How to steaming .hf dataset

I’m trying to load .hf datasets using stream
The dataset is tuan124816/newcs2_data

dataset = load_dataset("tuan124816/newcs2_data",
                       streaming=True)
hf_dataset = dataset['test']

output

IterableDataset({
    features: Unknown,
    n_shards: 600
})

when print out the first element:

print(next(iter(hf_dataset)))

output

{'_data_files': [{'filename': 'data-00000-of-00001.arrow'}], '_fingerprint': '905978a8bab44335', '_format_columns': ['observations', 'actions', 'rewards'], '_format_kwargs': {}, '_format_type': None, '_output_all_columns': False, '_split': None}

Is this the right way to load this kind of dataset?
How can I read the data and know what inside [‘observations’, ‘actions’, ‘rewards’]?

1 Like

This?

From what I see , the stream only load the state.json file from each .hf folder

state.json:

{
  "_data_files": [
    {
      "filename": "data-00000-of-00001.arrow"
    }
  ],
  "_fingerprint": "905978a8bab44335",
  "_format_columns": [
    "observations",
    "actions",
    "rewards"
  ],
  "_format_kwargs": {},
  "_format_type": null,
  "_output_all_columns": false,
  "_split": null
}

From my experience other dataset like imdb when stream alway have an clear output of dictionary with text and label. I’m confuse why the data don’t load the arrow file.
Am I doing something wrong?

1 Like

I fix this , because of the dataset viewer on hugging face
I don’t know why but when I delete it from dataset then the stream work fine again.

1 Like

Ah, it’s probably a bug in the library.
There are reports that sound like they might be, but I don’t think they’ve been merged.
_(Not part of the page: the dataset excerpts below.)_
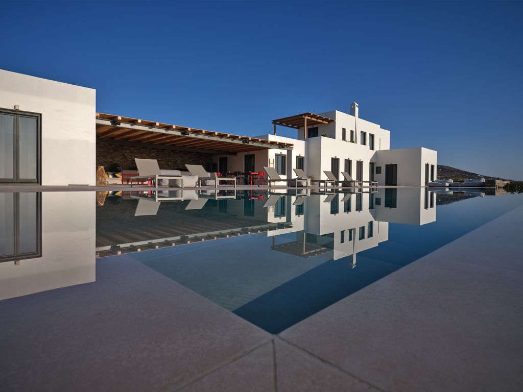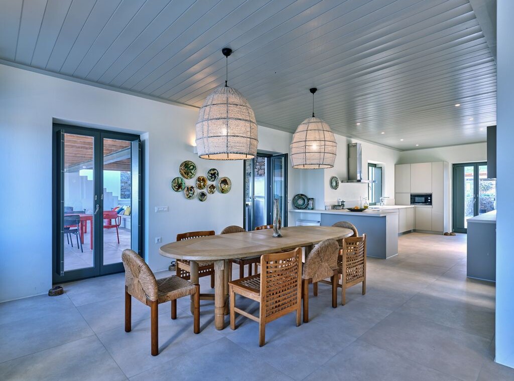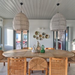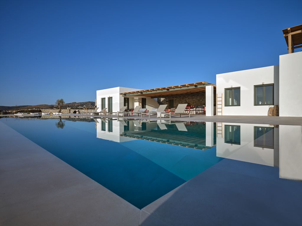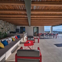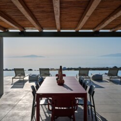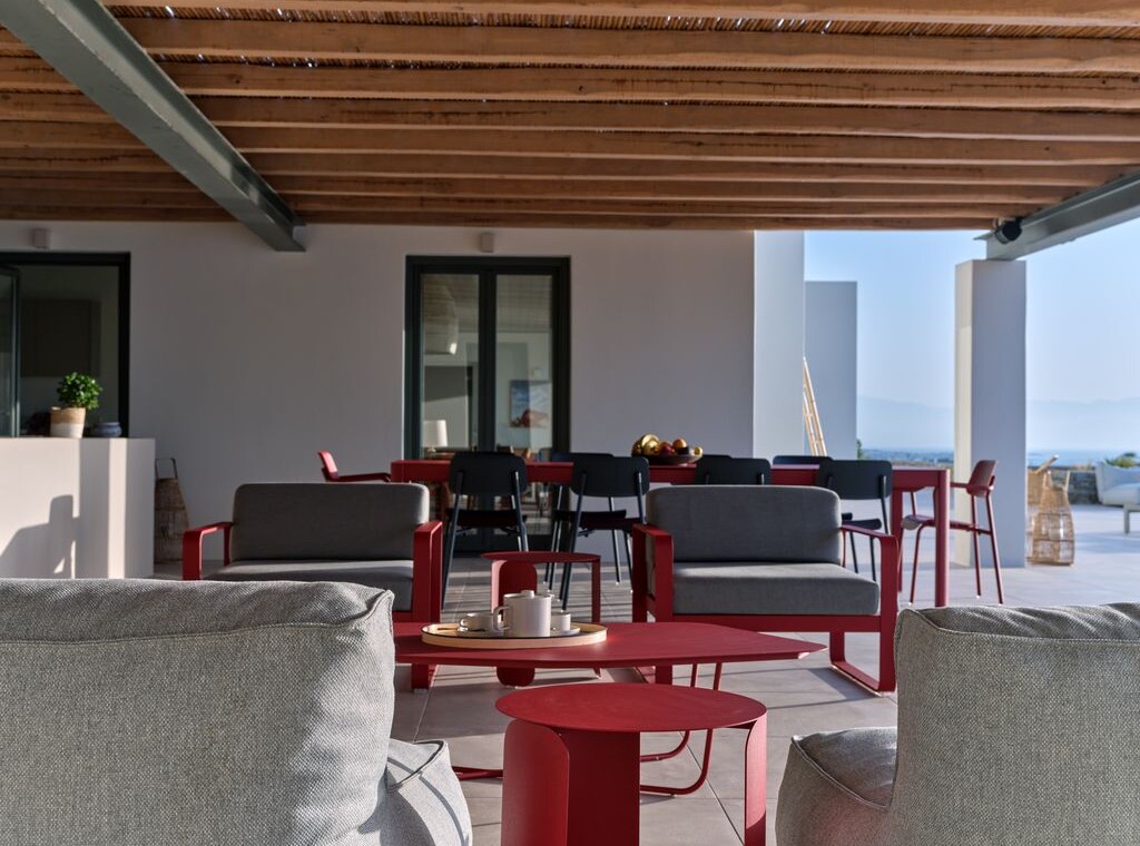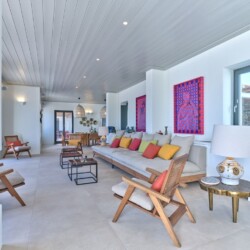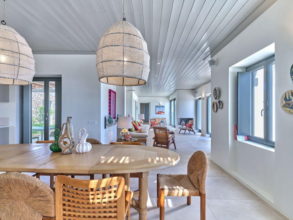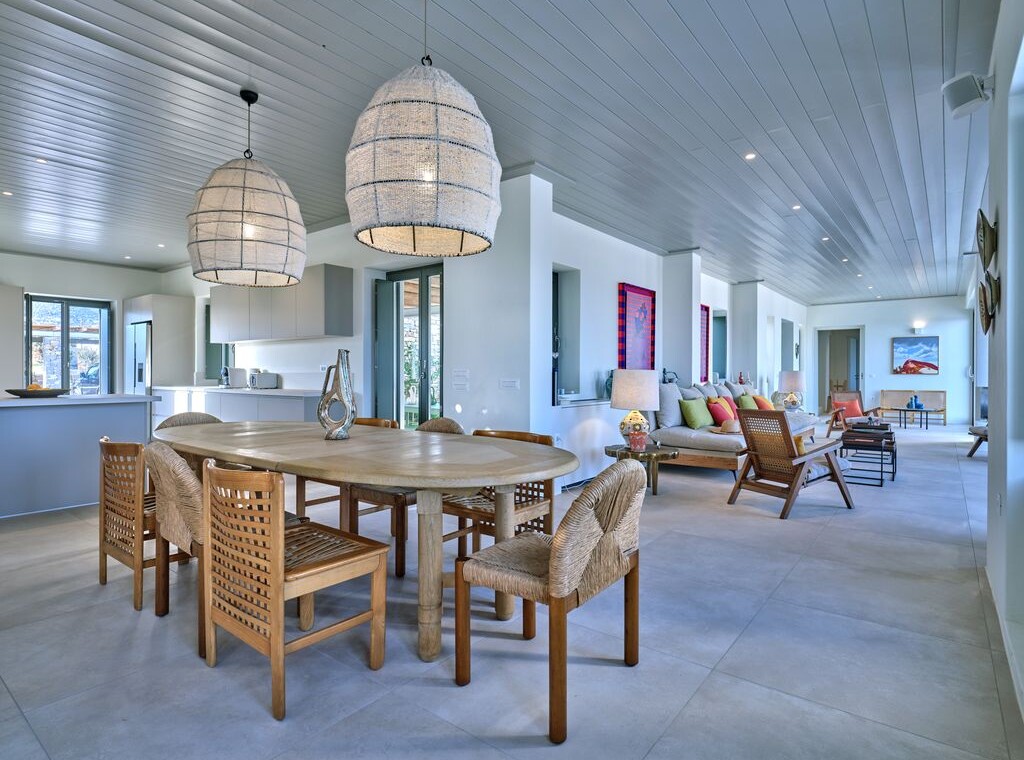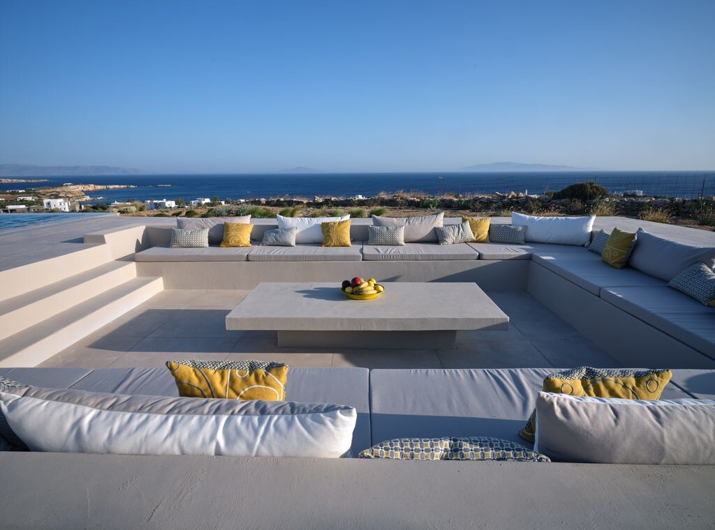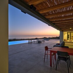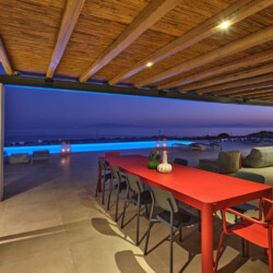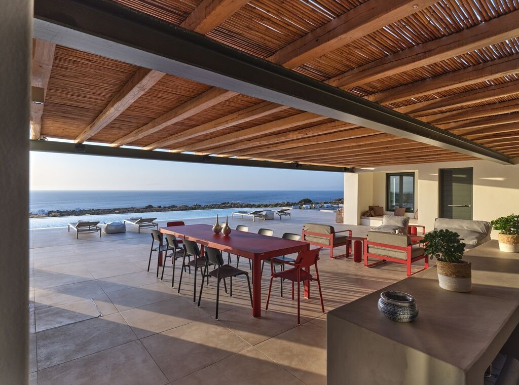 The outdoor area is a postcard-perfect sanctuary, featuring an infinity pool that seems to merge with the sea, inviting guests to swim, unwind, or simply take in the horizon. Elegant shaded lounges, al fresco dining areas, and lush gardens surround the property, creating an intimate oasis of peace and privacy. Every detail, from the minimalist architecture to the harmonious landscaping, reflects a deep connection to the island’s tranquil spirit.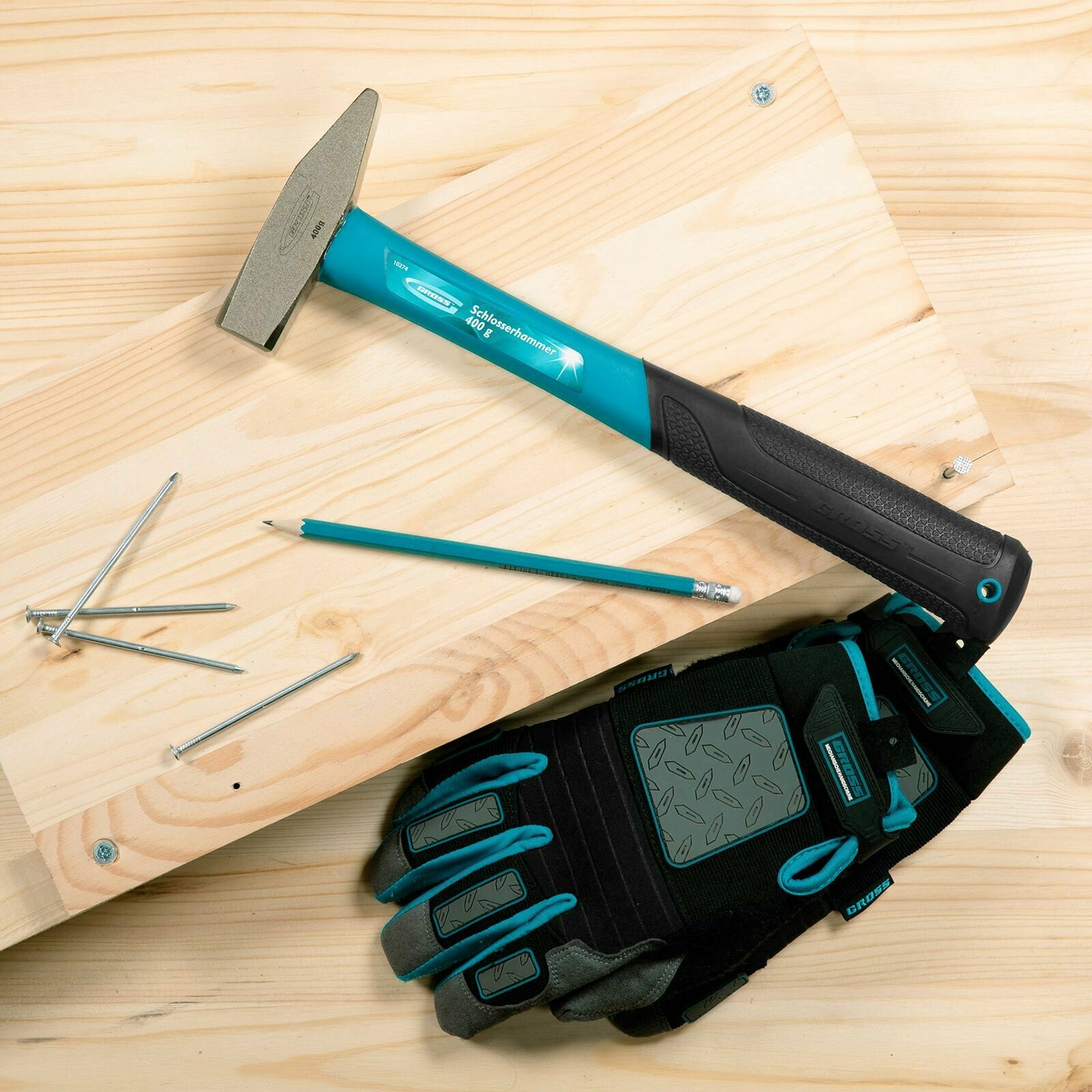 Слесарный молоток GROSS имеет боек из стали и обрезиненную фибергласовую рукоятку, которая обеспечивает надежную фиксацию инструмента в руке.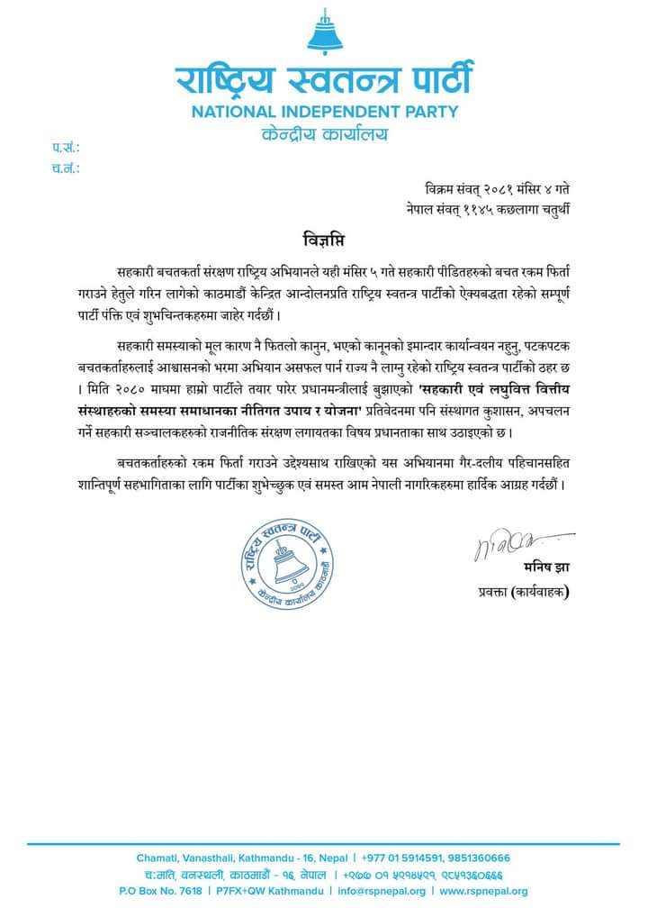‘सहकारी बचतकर्ता संरक्षण राष्ट्रिय अभियान’ सहित सहकारी पीडितहरुले बचत रकम फिर्ताको माग गर्दै काठमाडौं केन्द्रित आन्दोलन गर्ने तयारी गरिरहेको बेला रास्वपाले ऐक्यबद्धता जनाएको हो ।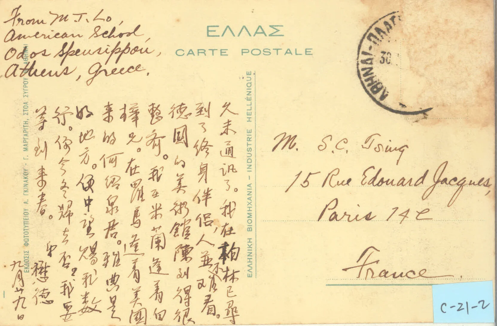 弟今晨到里昂,始知昨天已验过身体,弟须候下星期日再验,殊诲不在巴黎多盘桓数日!现巳迁入中法大学宿舍矣。景祥兄(注:张景祥)不幸末入选。据此间人云,想因景祥兄学费,太贵,中法大学不愿担任故。塞翁失马安知非福?此间非乐土,弟今后行止择交均不能不格外谨慎,匆匆。余后叙,此候巴黎清华同学公鉴。弟达元。
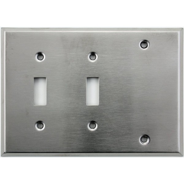 Brushed Satin Stainless Steel 3 Gang Wall Plate - 2 Toggle 1 One Blank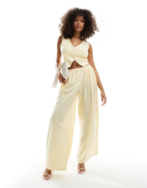 Bershka tailored suit vest and pants set in butter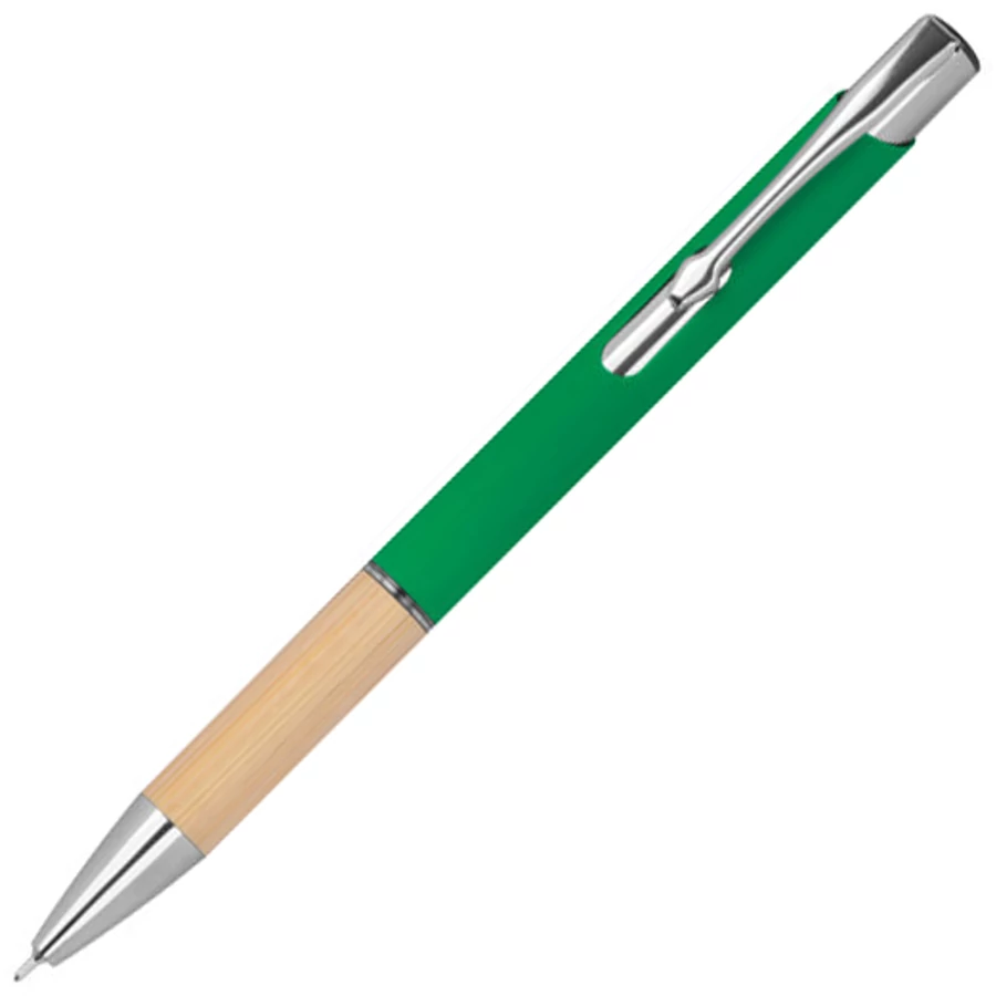 Újrahasznosított alumínium test gumírozott bevonattal, ezüst színű kiegészítőkkel és bambusz fogórésszel.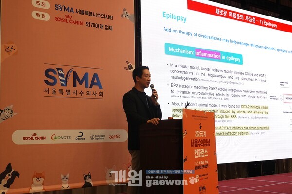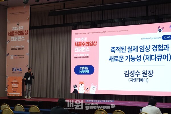 지난 9월 20일 서울 세종대학교 컨벤션센터에서 열린 ‘2025 추계 서울수의임상컨퍼런스’ 런천 심포지엄에서 김성수(VIP동물의료센터) 원장은 ‘제다큐어의 축적된 실제 임상경험과 새로운 가능성’을 주제로 한 시판 후 조사 결과를 발표해 주목을 끌었다.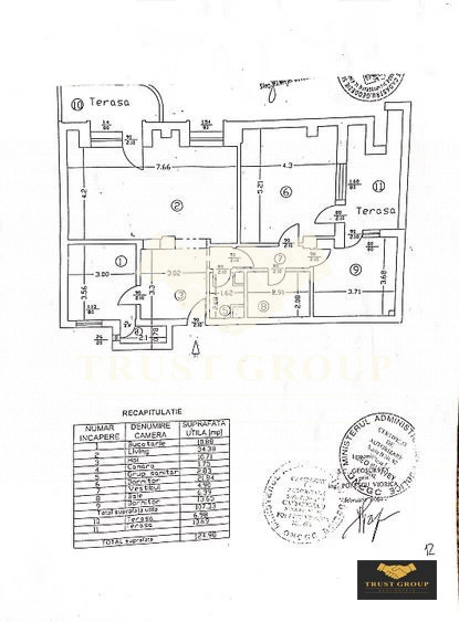 Dispune de o suprafata totala de 125mp, este decomandat si compartimentat astfel: living, bucatarie, doua dormitoare, doua bai, hol, spatii de depozitare si un balcon.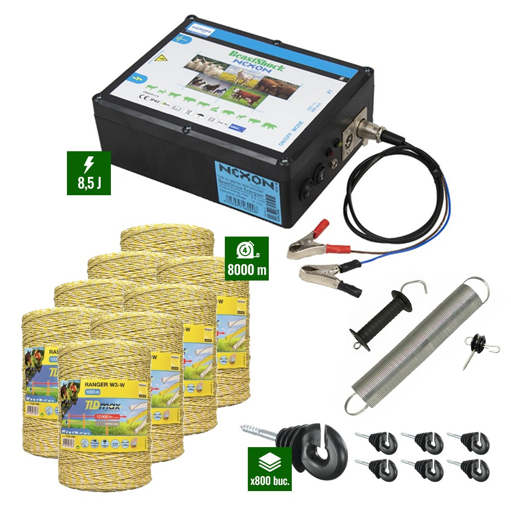 - Un pulsator electric de 8,5J putere (cu un Buton de oprire/pornire plus 1 buton pentru reglarea puterii și 2 LED-uri indicator)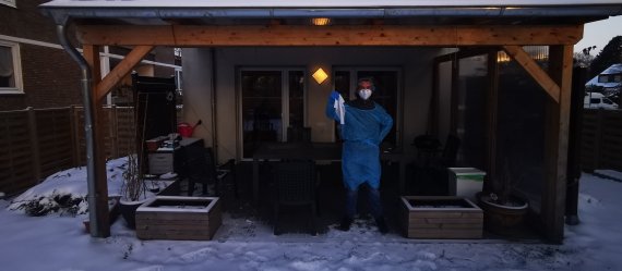 Um unsere Mieter*innen vor Corona zu schützen, führen wir regelmäßig Schnelltests durch. Das kann schonmal wild aussehen!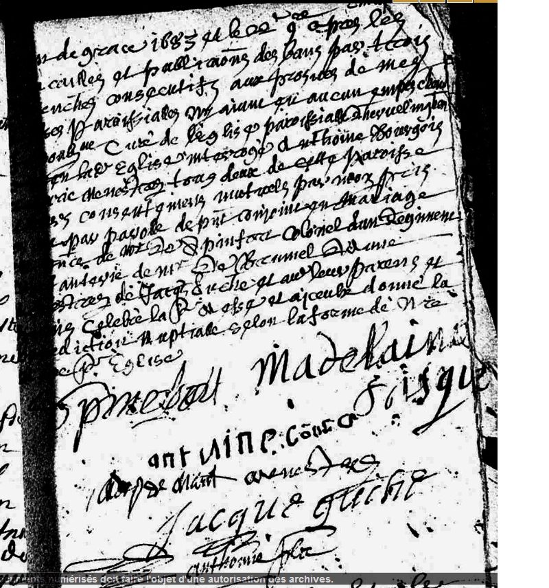 Mariage : vers 1648 à Ségrie 72170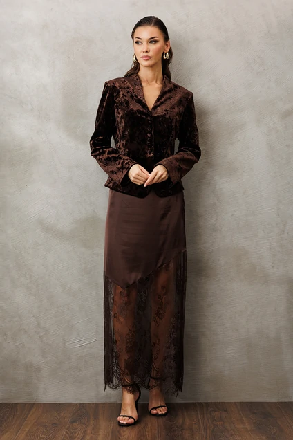 Юбка прямого силуэта из атласа и кружева. Юбка на обтачке. По переднему и заднему полотнищам юбки - вытачки. Юбка с застежкой в боковом шве на потайную тесьму-молнию. Верхняя часть юбки из атласа с асимметричный краем, нижняя часть юбки из кружева с ажурным низом. Юбка без подкладки.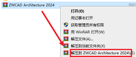 1.选中下载的安装包,然后鼠标右键选择“解压到 ZWCAD Architecture 2024”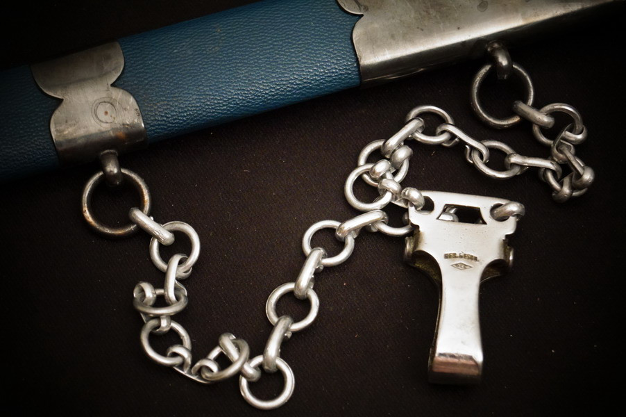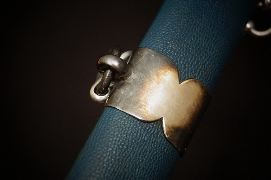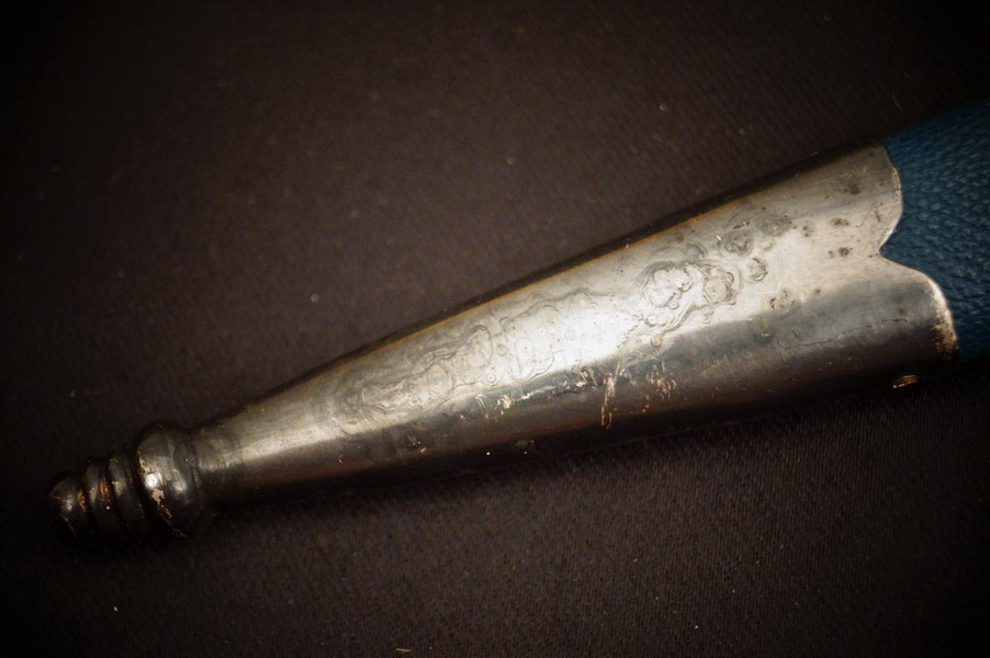 Der obere Beschlag ist versplintet und der Mittelbeschlag und der untere Beschlag hat Madenschrauben - versenkt. Foto fehlt leider. Die Scheide ist magnetisch ! Das Leder ist heller weil der Dolch nahezu ungetragen ist !

https://github.com/huggingface/datasets/pulls

Does the behavior of the dataset viewer affect the behavior of the dataset library?
Does it lock the file or something…

1 Like

Hi ! Datasets with a state.json are datasets saved for local disk using save_to_disk() and are not supported by the Hub - though if you remove the json file to only keep the Arrow files it will work correctly.

We should change .save_to_disk() completely to save in a format that is supported by the Hub IMO

1 Like